The 10 embassies later stated on their social media accounts that they abide by the Vienna Convention regulating diplomatic relations. On Oct. 26, the U.S. Embassy issued an explanation, stating: “In response to questions regarding the Statement of Oct. 18, the United States notes that it maintains compliance with Article 41 of the Vienna Convention on Diplomatic relations.” While some embassies followed the same course and issued similar explanations, others retweeted the American Embassy’s tweet.
Erdoğan welcomed the statements of the embassies but warned that similar actions will not be repeated and pointed out that everybody will learn how to speak to Turkey. And for now, it seems that the crisis is over.
When we analyze the joint statement and the subsequent developments, we can infer the following points. First of all, the statement was a clear violation of Article 41 of the Vienna Convention, which calls on the diplomats not to interfere in the domestic affairs of the country they work in. Unfortunately, this is yet another indication of the breach of the international system by Western countries.
Second, the statement was a clear political step taken by some Western countries aiming to chasten Turkey. They want to determine the main orientation of Turkish foreign policy, similar to the Cold War period. It seems that they do not accept that the Soviet Union, the main threat to the Western world, collapsed three decades ago and the Cold War period is over.
Furthermore, leading Western countries have been maintaining a paradoxical relationship with Ankara. On the one hand, they continue to use a hierarchical, peremptory and otherizing language with Turkey. On the other hand, they do not want Turkey to have closer relations with other global powers such as Russia. However, they have to accept that this alienating language is counterproductive. The more they otherize Turkey, the more Turkey has to improve strategic relations with non-Western countries.

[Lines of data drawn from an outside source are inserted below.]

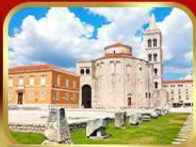
โบสถ์เซนต์มาร์ก ชากรบ
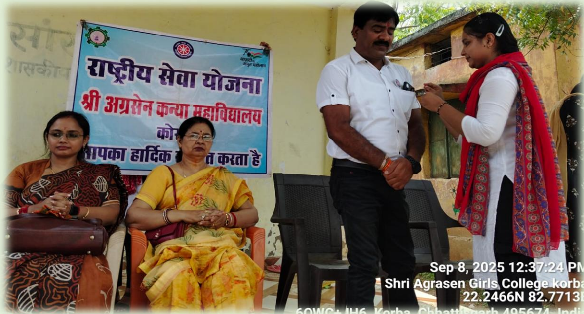
Sep 8, 2025 12:37:24 PM Shri Agrasen Girls College korba 22.2466N 82.7713E 60WC+JH6, Korba, Chhattisgarh 495674, India
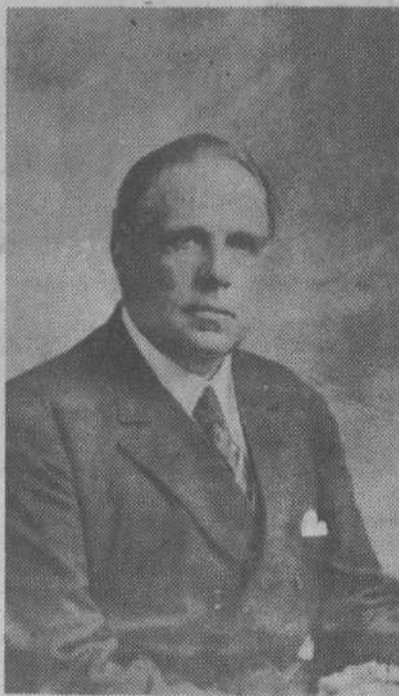
El ilustre escritor don Eugenio D'Ors, que anoche dió en el Ateneo una interesante conferencia.

Eugenio D'Ors es presentado por el presidente de la Sección de Literatura, don Víctor de la Serna, que termina diciendo: «Ante vosotros se des-
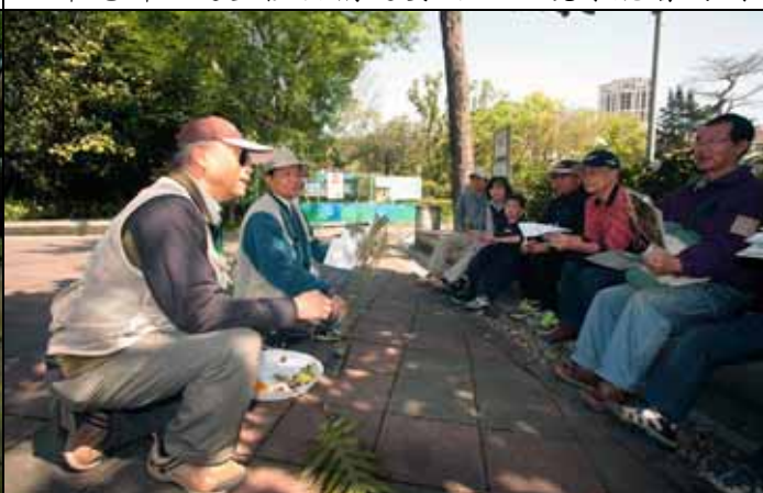
木麻黃綠色部分真的是他的葉子嗎？
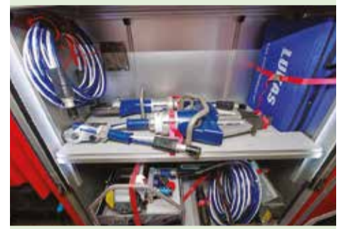
Gmina przeznaczyła kilkadziesiąt tysięcy złotych na wyposażenie jednostek Ochotniczych Straży Pożarnej. Każda jednostka na koniec ubiegłego roku została wyposażona w komplet nowych węży strażackich oraz inny sprzęt i odzież. Na zdjęciu szczęki życia zakupione dla OSP Bukowic.
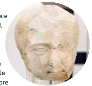
Busto de época romana. Museo de Calatayud

El urbanismo se adaptó a la topografía. Parece aceptarse hoy que la ciudad se alzó sobre el asentamiento indígena, sin migrar de otro emplazamiento previo. Completamente reurbanizada, su muralla abrazaba 30 ha y sus calles y espacios públicos se acomodaron mediante terrazas comunicadas a través de rampas y escaleras. Roma le otorgó el nombre de Augusta Bilbilis y el privilegiado estatuto de municipio de ciudadanos romanos.
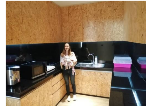
จุดพักเบรก
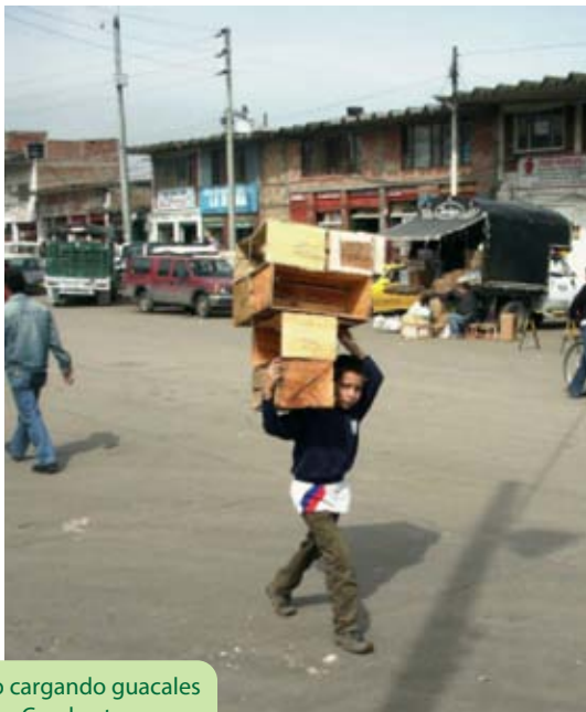
Niño cargando guacales Corabastos Bototá/Colombia
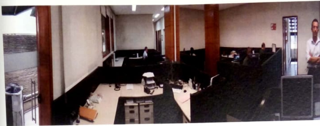
FOTO PANORÂMICA DO 2º ANDAR COM OS EMPREGADOS EM ATIVIDADE

Relatório Mensal das Atividades – Set/201
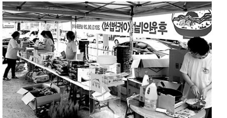
후원의 날에는 친환경 농산물 판매 등이 진행됐다.

불교환경을 일반시민들에게 알리는 환경법회와 빈그릇운동, 광주전남지역 시민사회단체활동가 자비의 쌀 나누기, 518묘역 음악회 등을 정기적으로 개최하고 있
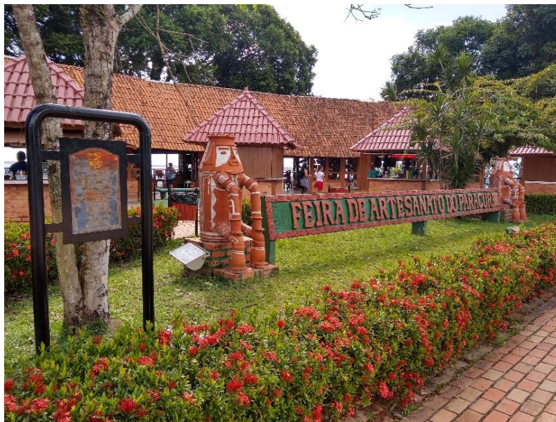
Figura 3 - Feira de Artesanato do Paracuri (2021)

os túneis de mangueiras dão um ar acolhedor e, ainda hoje no período de safra, é comum ver crianças e adultos colhendo mangas ou consumindo-as lá mesmo. Aproximando-se da orla, a imagem da Baía do Guajará ao fundo, barcos coloridos, a brisa fresca, o pôr do sol e as barracas de venda de coco verde são espaços de lazer e entretenimento. Continuando na orla, surge a praça do Cruzeiro com opções de bares e restaurantes, e logo se enxerga a Feira de Artesanato do Paracuri.
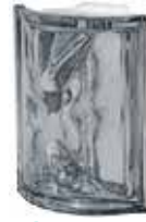
NORDICA ANG O MET SAP CODE: 121607
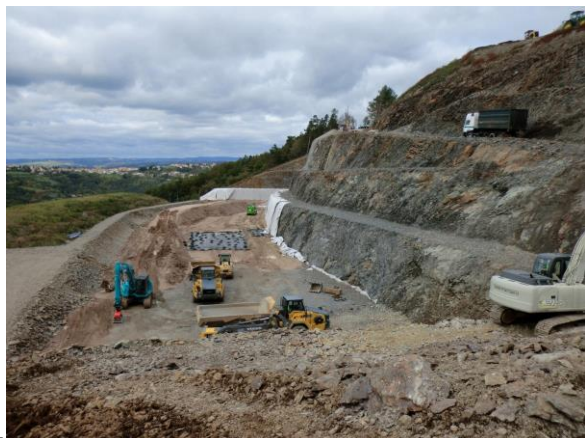
L'Installation de Stockage des Déchets non Dangereux (ISDND)

Afin de trouver une alternative à l'enfouissement des déchets sur son site, le SICTOM a lancé un appel d'offres pour le traitement des Ordures Ménagères (7 700 T/an) mi-octobre. Le coût de ce traitement est estimé entre 75€/T et 110€/T, soit un montant estimatif annuel de traitement compris entre 577 500 € et 847 000 €. A ce coût, s'ajoutent les frais de transport des ordures ménagères sur le site de traitement, lesquels sont estimés à 100 000 €/an. Simultanément, une consultation pour le traitement des encombrants est lancée afin d'avoir une solution de repli si la réhausse n'est pas acceptée par les services de l'Etat, ou jugée trop contraignante financièrement et/ou techniquement.
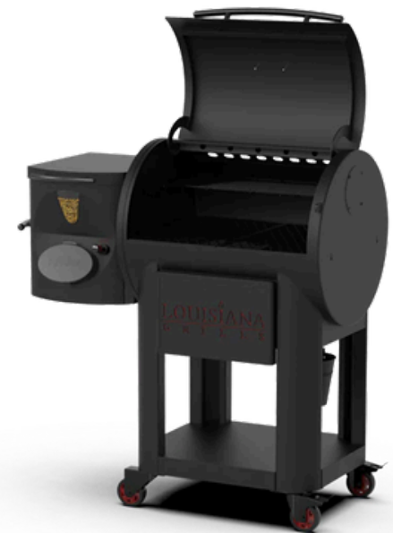
LOUISIANA GRILL 800 FP HOUTPELLET PELLET GRILL
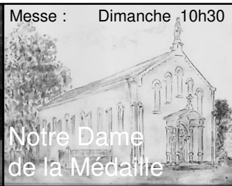
Notre Dame de la Médaille
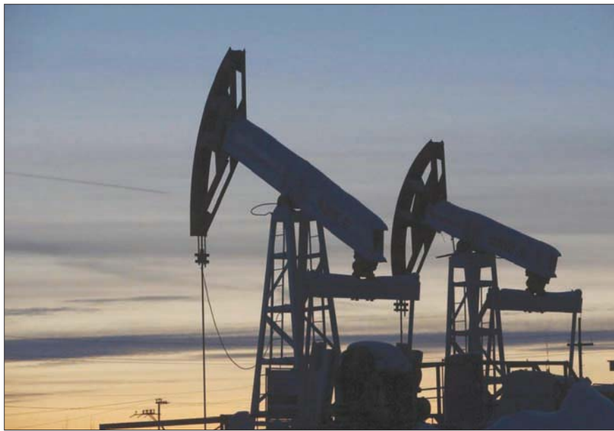
عوامل متباينة تؤثر على اتجاه أسعار النفط
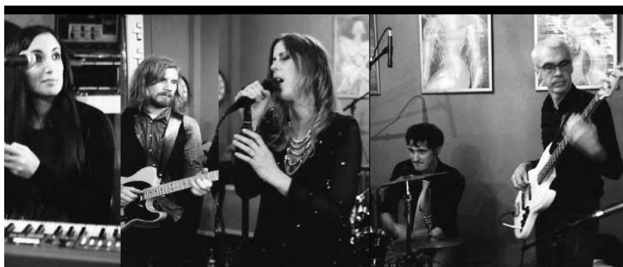
Tribute to Ben Harper's World

Il progetto dei The Innocent Lies nasce nel 2011 grazie alla passione condivisa di cinque ragazzi per un grande Artista, Ben Harper, la cui discografia è carica principalmente di blues e di funky.
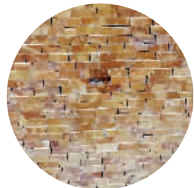
缺失的马赛克
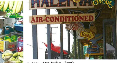
▲ハレイワタウン(57) サーファーの町で、のんびりした雰囲気 のショップやカフェがオススメ。
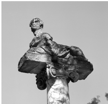
Vue rapprochée du sphinx. IVR11_20017800061X
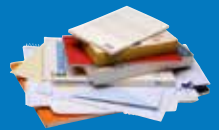
➔ Cahiers, livres, catalogues et autres papiers

Third, Western countries have lost their superiority to set the rules of the current international system. Most international organizations do not serve the interest of Western countries anymore. Recently, Western countries have remained indifferent to the rules and norms of international institutions, most of which were established by them. The U.N. and many of its specialized agencies such as the World Trade Organization (WTO) serve the interests of non-Western powers such as China, rather than that of the U.S. Therefore, they cannot expect other, non-Western countries to abide by the rules and norms that they do not respect anymore.
Western countries increasingly violate the main rules and principles of international law and international regimes. For instance, Western countries not only remain indifferent to violations of basic human rights but also break the laws both in their respective countries – as seen with the rise of the ultra-right and increasing xenophobia – and in other states, with moves like unilateral interventions. The reaction of the U.S, which recognizes the annexation of the Golan Heights, to the annexation of the Crimean Peninsula cannot be credible and a deterrent.
Fourth, Western countries insistently remain indifferent to security concerns and threat perceptions of other countries such as Turkey. The leading Western countries have been supporting anti-Turkish states and political actors militarily, diplomatically and economically. Unfortunately, Turkey’s existence in the same alliance with Western countries has begun to lose its meaning.
The relationship between Turkey and Western countries has recently faced many tests. The deep historical, political and economic relations between the two sides cannot be overlooked. A new type of relationship based on rational calculations should be established between Turkey and Western countries, which are still interdependent on one another. The sleepy ground of the current unstable international system requires Western countries to abandon the current wave of political discourse dominating the Western world that urges them to pursue ideological foreign policies and redefine their relations with their traditional partners such as Turkey.